**EXERCISE**
Skip any image you find and restate the rest of the data word for word.

──────── DATA FOR ANALYSIS ────────

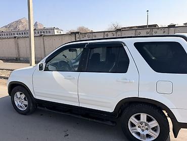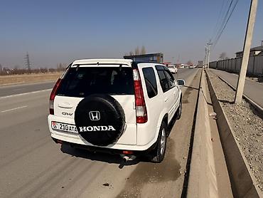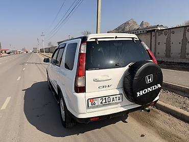 Honda CR‑V, 2-е поколение, белый кузов. Пятидверный кроссовер с запасным колесом на задней двери (чехол HONDA), продольными рейлингами на крыше и боковыми подножками. Литые диски, всесезонные шины. Передняя оптика с прозрачными рассеивателями, противотуманные фары в бампере. Задние вертикальные фонари, стеклоочиститель двери багажника, фаркоп. Тонированные стекла, зеркала и ручки в цвет кузова, молдинги порогов.
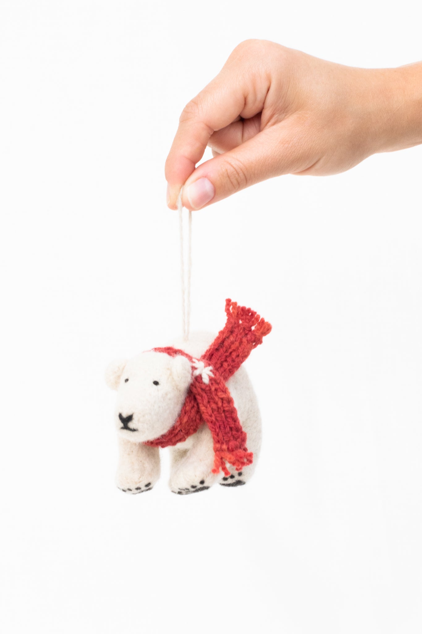 Our Isimbi Polar Bear Ornament is new this season and is ready to trim your tree! Needle-felted by hand by women working for Handspun Hope in northern Rwanda.
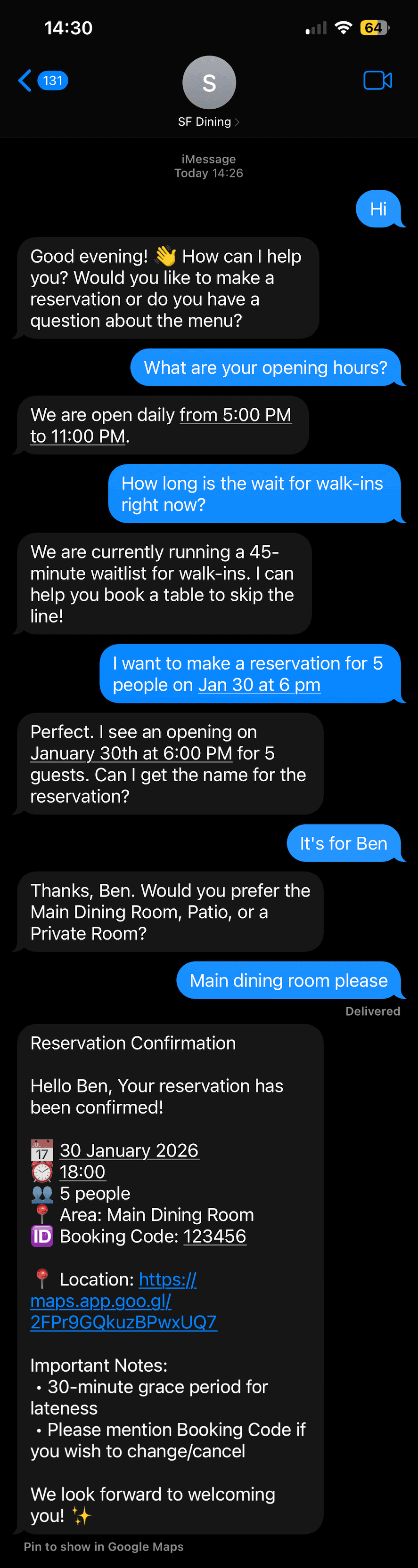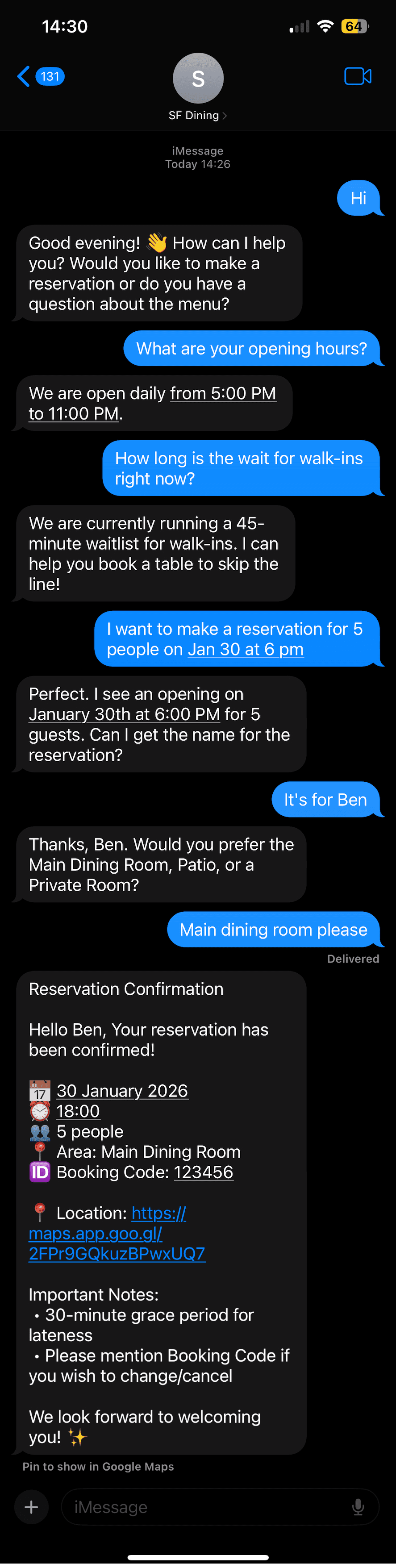The moment a guest requests a table, Darva checks your real-time availability, handles conflicts, and locks in the booking. A branded iMessage confirmation is sent instantly.
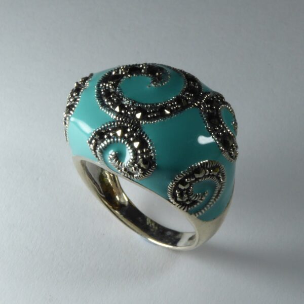 Anillo esmaltado en verde agua y decorado con marquesitas.
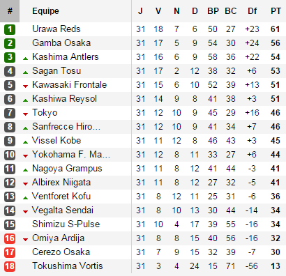 Avec un calendrier compliqué, le leader Urawa Reds devait tout d'abord se déplacer chez les Antlers pour la 30ème journée. Malgré l'ouverture du score des locaux par Caio, Urawa a bien réagi avec un but de Lee, accrochant ainsi le point du match nul. Un point qui ne faisait pas véritablement leurs affaires puisque dans le même temps Gamba l'avait emporté à domicile face au FC Tokyo. Une victoire 2 à 1 qui s'est décidé en un petit peu moins de 13 minutes : Omori a tout d'abord marqué pour Gamba (53') puis Endo a doublé le score six minutes plus tard. Matsuda a réduit le score pour le FC Tokyo quelques minutes plus tard, mais le score ne changera pas. Sur cette 30ème journée, Gamba avait déjà repris deux points à Urawa. Avec seulement trois points d'écart à quelques semaines de leur confrontation directe, la situation semblait idéale pour Gamba Osaka.
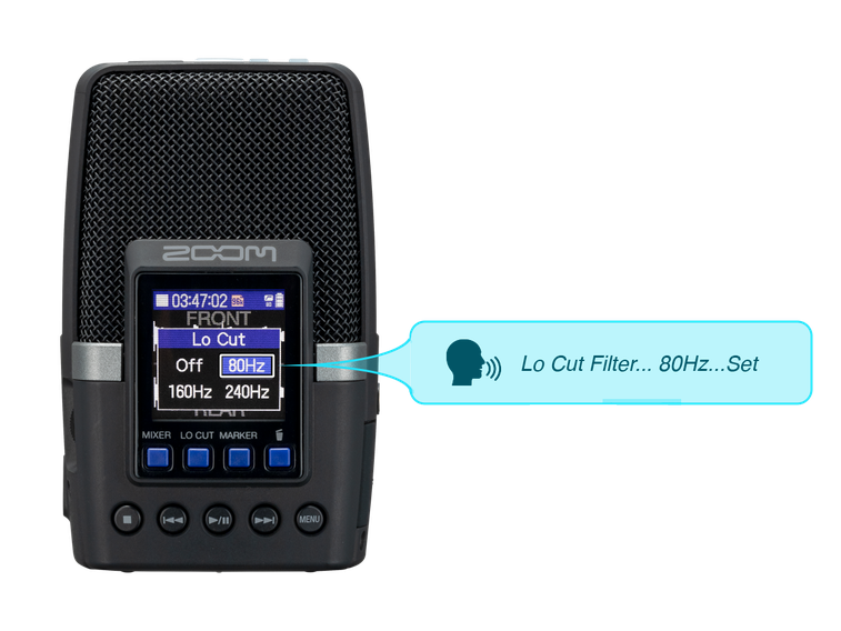 Der H2essential verfügt über fortschrittliche Funktionen wie einen Low-Cut-Filter, Pre-Record, Auto-Record und eine einstellbare Wiedergabegeschwindigkeit.

────────

**YOUR SOLUTION**
 Honda CR‑V, 2-е поколение, белый кузов. Пятидверный кроссовер с запасным колесом на задней двери (чехол HONDA), продольными рейлингами на крыше и боковыми подножками. Литые диски, всесезонные шины. Передняя оптика с прозрачными рассеивателями, противотуманные фары в бампере. Задние вертикальные фонари, стеклоочиститель двери багажника, фаркоп. Тонированные стекла, зеркала и ручки в цвет кузова, молдинги порогов.
 Our Isimbi Polar Bear Ornament is new this season and is ready to trim your tree! Needle-felted by hand by women working for Handspun Hope in northern Rwanda.
The moment a guest requests a table, Darva checks your real-time availability, handles conflicts, and locks in the booking. A branded iMessage confirmation is sent instantly.
 Anillo esmaltado en verde agua y decorado con marquesitas.
 Avec un calendrier compliqué, le leader Urawa Reds devait tout d'abord se déplacer chez les Antlers pour la 30ème journée. Malgré l'ouverture du score des locaux par Caio, Urawa a bien réagi avec un but de Lee, accrochant ainsi le point du match nul. Un point qui ne faisait pas véritablement leurs affaires puisque dans le même temps Gamba l'avait emporté à domicile face au FC Tokyo. Une victoire 2 à 1 qui s'est décidé en un petit peu moins de 13 minutes : Omori a tout d'abord marqué pour Gamba (53') puis Endo a doublé le score six minutes plus tard. Matsuda a réduit le score pour le FC Tokyo quelques minutes plus tard, mais le score ne changera pas. Sur cette 30ème journée, Gamba avait déjà repris deux points à Urawa. Avec seulement trois points d'écart à quelques semaines de leur confrontation directe, la situation semblait idéale pour Gamba Osaka.
 Der H2essential verfügt über fortschrittliche Funktionen wie einen Low-Cut-Filter, Pre-Record, Auto-Record und eine einstellbare Wiedergabegeschwindigkeit.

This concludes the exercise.